[elephant-devel] Cross-references and SETF SLOT-VALUE

Ian Eslick eslick at media.mit.edu
Thu Feb 21 15:29:06 UTC 2008


On Feb 21, 2008, at 8:41 AM, Leslie P. Polzer wrote:

>
> I'm not sure I understood your message correctly. But see below.
>
>> Ok, this is an architectural issue that wasn't completely thought
>> out.  Currently class indexing effectively limits instances of a  
>> class
>> to a specific store.  The first time an instance is saved, the  
>> current
>> *store-controller* is used to create the class index tying the class
>> to that store.
>
> I do not have a problem with that.
> Actually, it's desired behaviour since the indexed objects of a  
> certain
> class need to belong to two different stores in my setup.

Do you need to do indexing operations across stores?  i.e. run a  
cursor over all objects regardless of which store they are in?

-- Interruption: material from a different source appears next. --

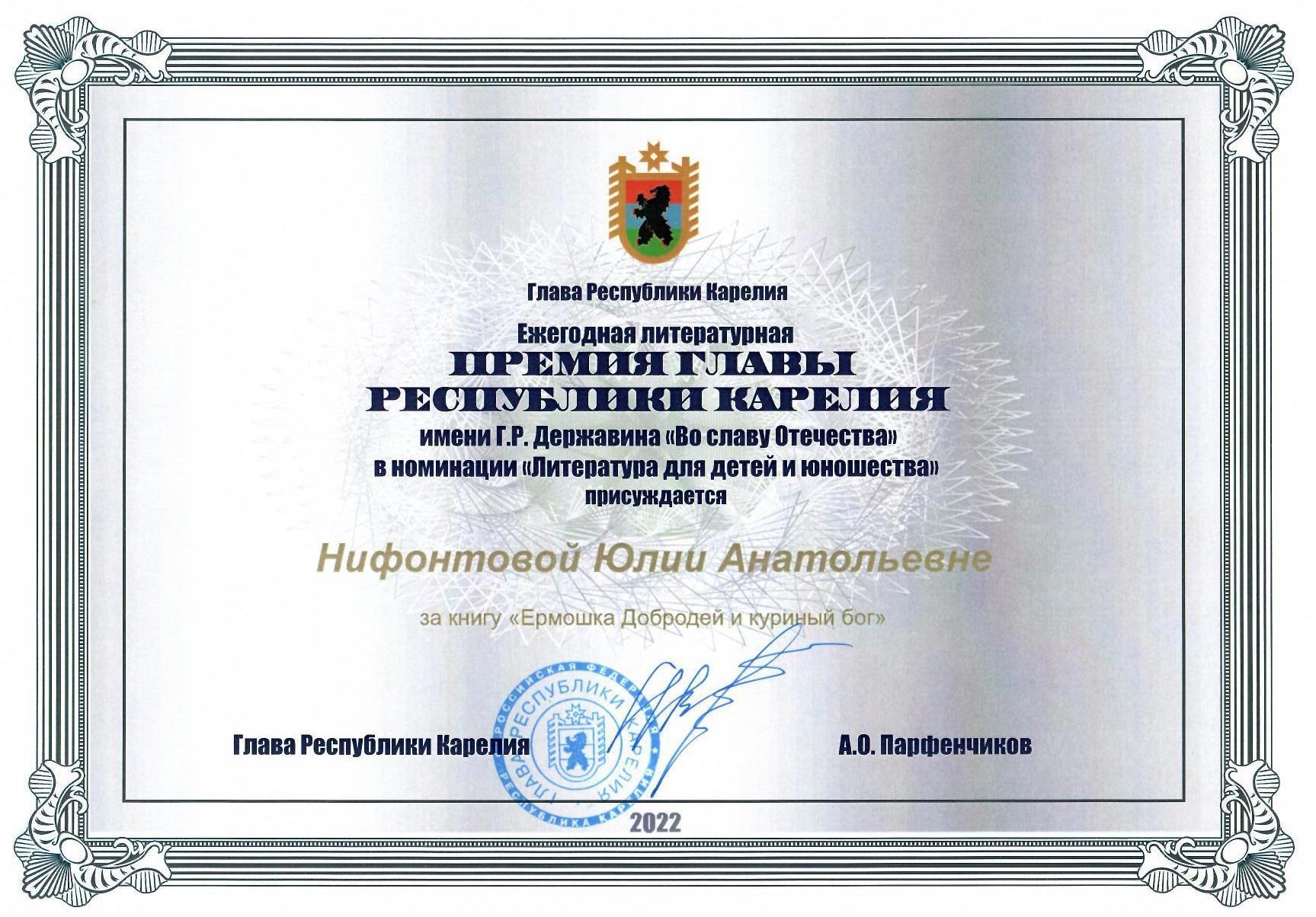 Самым важным событием для меня стало вручение Всероссийской премии имени Г.Р. Державина в номинации "Литература для детей и юношества".
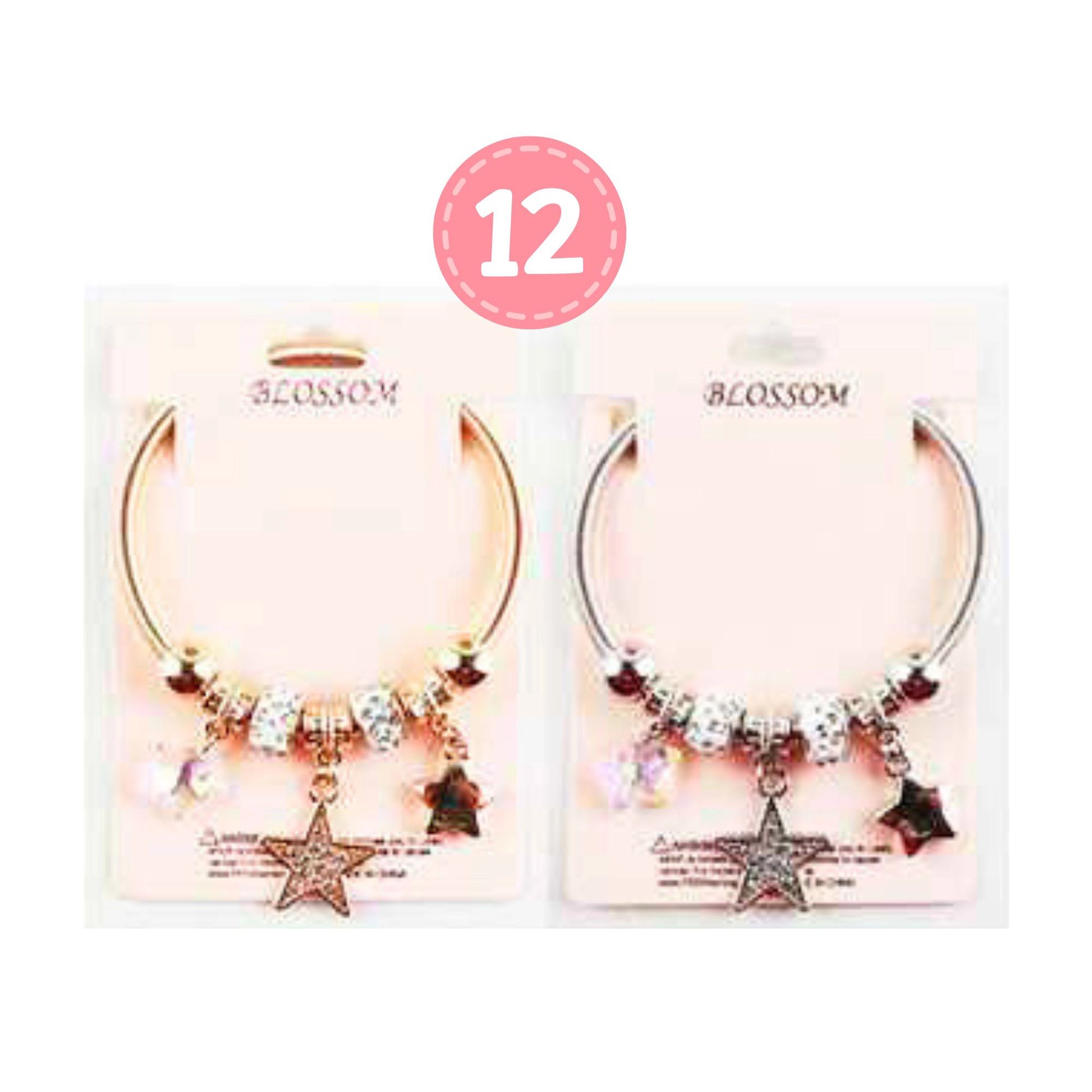 Celestial Sparkle Star Charm Open Bangle Bracelet

Ideally, what semantics would you like to see?


>
>
>>
>> I have a local patch which changes this behavior to create a class
>> index for each store's objects.  For example, in your test code, if
>> you call get-instances-by-class in the context of *sc1*, you'll get
>> nothing, in the context of *sc2* you'll get the instance you created
>> in *sc2*.  Each store has it's own local set of class indices.
>
> Isn't this the current behaviour?
>

Nope, the system only creates one class index independent of which  
store controller it's in, so you can only map indexed class instances  
to one store.

>
>> I'm concerned there are other areas where the policy choice becomes
>> difficult.  My inclination is to assert that if you want to index
>> persistent objects in multiple stores, you should plan for that
>> explicitly and not use the class indexing mechanism.
>
> I still don't understand why there's a problem with having SETF SLOT- 
> VALUE
> figure out the correct controller...
>

There isn't a problem doing this.  My concern is that this then  
creates the potential for other, less visible problems.

e.g. you create indexed instances in store 1, the class index  
associated with store one indexes all those instances.  When you call  
get-instances-by-class in the context of store 2, however, all the  
objects from store 1 are now missing.  The semantics of get-instance- 
by-class/value/range are all incorrect when you have instances stored  
in multiple store controllers.

Using multiple stores starts to break the model of a simple global  
namespace assumed by the current class indexing mechanism.  Rather  
than contort the class indexing mechanism to accommodate multiple  
store operations, my preference is that users write their own indexing  
mechanism that has the semantics they care about.